Un homme subissant un plaquage
ventral, gémissant sous le poids du genou d’un fasciste Blanc. C’est l’illustration
de la domination de ce dernier, c’est l’hégémonie d’une culture ségrégationniste
abjecte. Drôle de dialogue surréaliste. L’homme Noir gémissant, crie qu’il ne
peut respirer, mais justement, l’homme au dessus de lui ne veut pas qu’il
respire, puisque l’air ambiant est sa propriété, et ne peut le partager
équitablement avec un homme de condition inférieure.
Cette image nous a
profondément bouleversés.
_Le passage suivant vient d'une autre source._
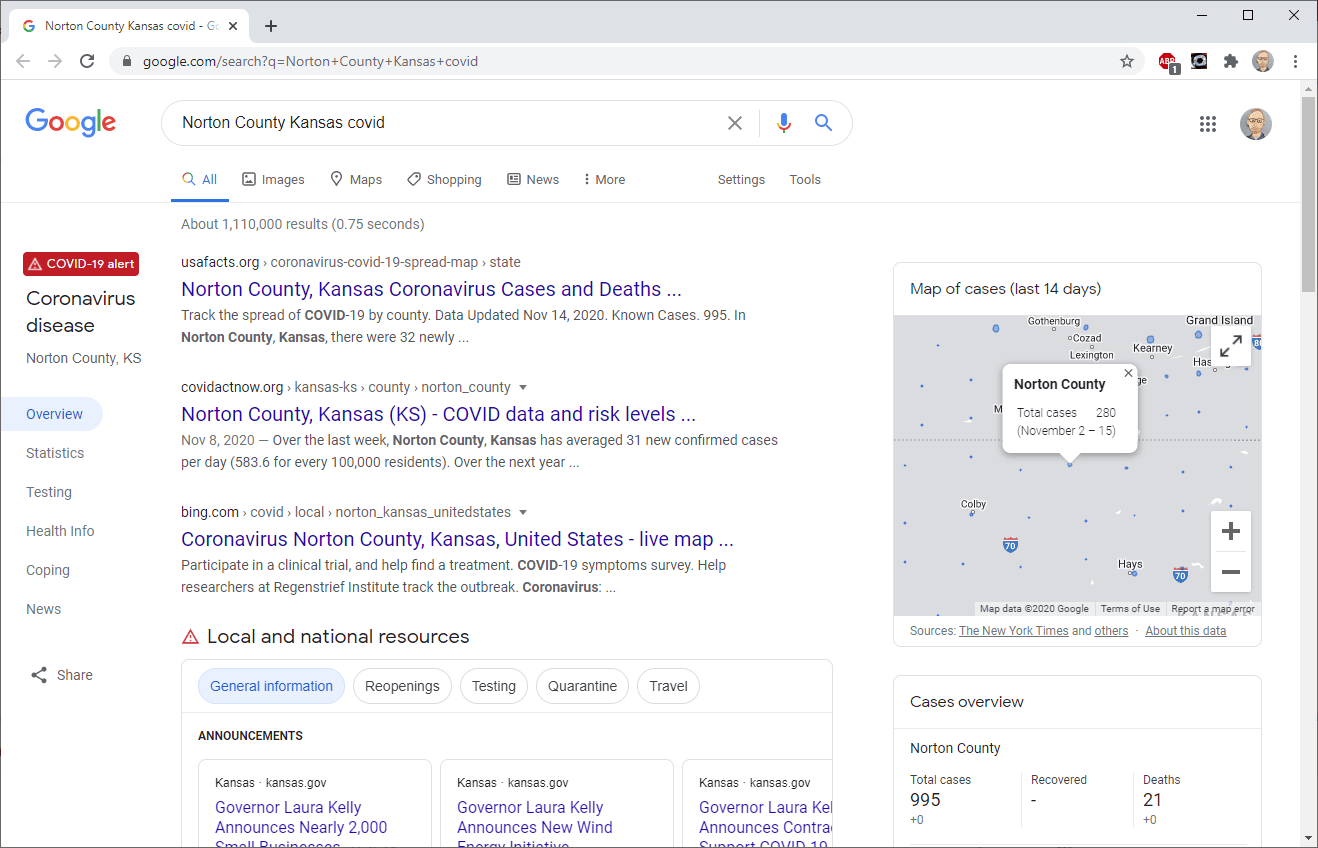 One of the more useful features of the Wildfire application has been the automatic search links provided for fires. We’ve taken that lesson and applied it to CovidPulse. When a state or county is selected, a search button launches a Google search about covid in that area.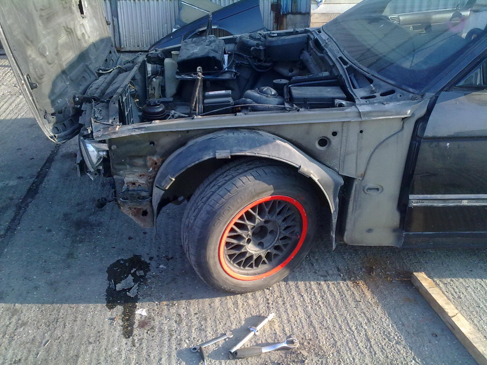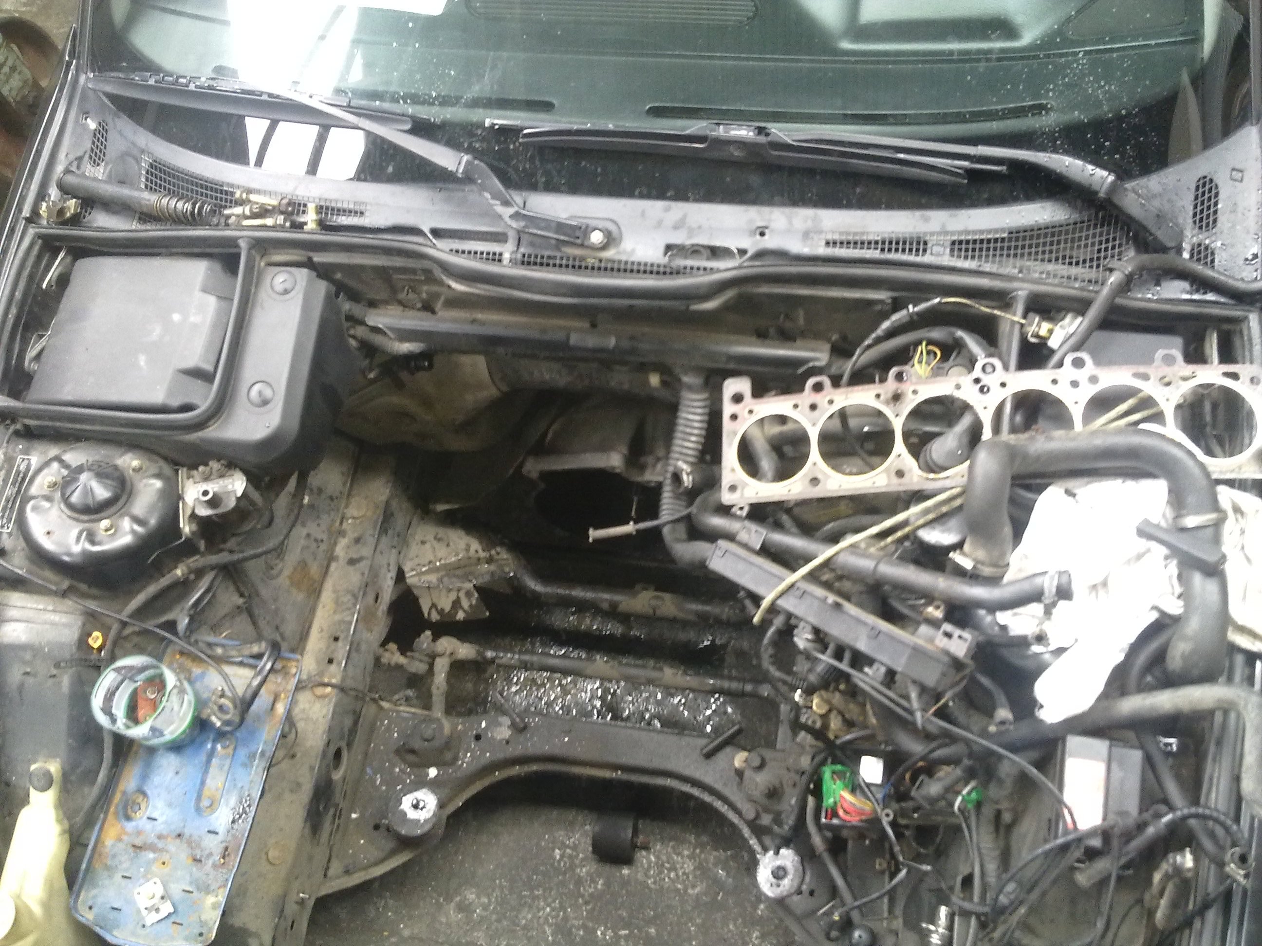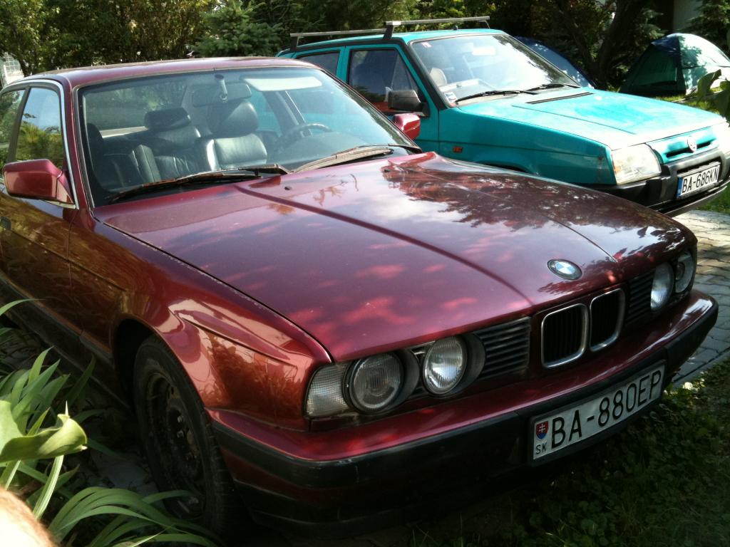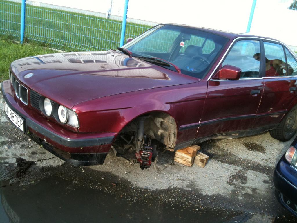 Tuto e34 som kupil za 500e bez papierov s tim ze ma odtrhuty zaves lp kolesa olejovu vanu odseknutu bolo to jedneho majitela ktori sa o neho celkom dobre staral a predal ho niekomu do rodiny tiez vaznemu fanusikovy e34riek a ten ho pourival ako firemne auto pre jeho robosov a ti mu ho hopsli do priekopi a neoplatilo sa mu to opravovat.Casom som prisiel na to ze to ma odtrhnute drziaky motora spominanu vanu cerpadlo oleja.Vanu som kupil od baggo za 80e Cerpadlo od norika za 20e drziaky za 15e.

C’est l’humanité qui est touchée en nous, c’est son
universalité qui s’indigne en nous. Voilà pourquoi, cela nous met face à nos pleutreries.
Tout un cortège bigarré s’invite à notre mémoire : des cordes de pendaison,
de lynchage, des chaînes aux cous, des ventes aux surenchères, des ratonnades,
des villages rasés, un continent dépeuplé, etc. Comment avons-nous fait pour oublier ?
Quelle éponge sournoise a visité, à notre insu, notre mémoire pour effacer
cette souillure, afin que notre confort psychologique et moral ne soit pas égratigné.
Sommes-nous aujourd’hui à
l’orée d’une révolution culturelle ? Ces déboulonnages de ces statuts, ces
dénonciations, ces émotions, cette colère qui gronde. Est-ce le prodrome d’une
nouvelle ère ? Tout cela n’est-il pas un grattage révélant une histoire
ensanglantée, d’une humanité qui traversa les siècles, face enfoncée dans la
boue. Comment tolérer que cela perdure ?
Comment ne pas mettre en
relief l’esclavage, l’inégalité des races, donc, le pillage, la colonisation,
l’épuration ethnique, l’apartheid, le génocide des peuples autochtones. Ne s’agit-il
pas de l’histoire glorieuse d’un homme Blanc
qui exerça son droit divin, d’écraser de son genou la nuque d’un peuple qui
réclame son droit à la respiration.
Sommes-nous à l’orée d’une
révolution culturelle ? Bon Dieu, les conséquences sont extraordinaires.
Cela veut dire que nous allons entrer de plein pied, en pleine modernité. Cela
veut dire, que nous allons tourner cette page de honte. Cette même page qui empoisonna
notre existence, assombrit nos horizons et ceux des générations futurs.
Reste à dire, qu’une telle
modernité intellectuelle, ne peut avoir lieu sans le feu roulant d’une critique
historique dévastatrice et salutaire, nous rappelant que nos préjugés sont
complaisamment entretenus, que nos exclusions sont savamment maintenues, que
nos lâchetés sont abondamment irriguées. Ainsi, c’est une supercherie que de proclamer
sur tous les toits, que la barbarie Hitlérienne est effacée, que l’infâme fasciste
est vaincue. Non, l’opprobre s’efface il est vrai, mais il continue
sournoisement à structurer certaines consciences. Tant il est vrai, que « les
progrès de la raison sont lents et les racines des préjugés profondes », comme
nous l’enseigna le grand Voltaire.
Voltaire, dites-vous ? Alors,
n’est-il pas temps d’écouter ces allumeurs de réverbères, ceux qui s’attèlent à
cette noble tâche de nous éclairer, de rétablir les ponts avec une fraternité
méprisée. Ceux, qui nous apprennent à trembler d’émotion et de colère face à
l’asservissement de l’homme par l’homme. Ceux, qui nous apprennent qu’il faut
se méfier d’une vérité qui ne satisfait que soi, et surtout cette vérité ignominieuse
qui veut convaincre que certains hommes sont d’une autre essence, ce qui
justifie leur asservissement et la confiscation de leurs droits.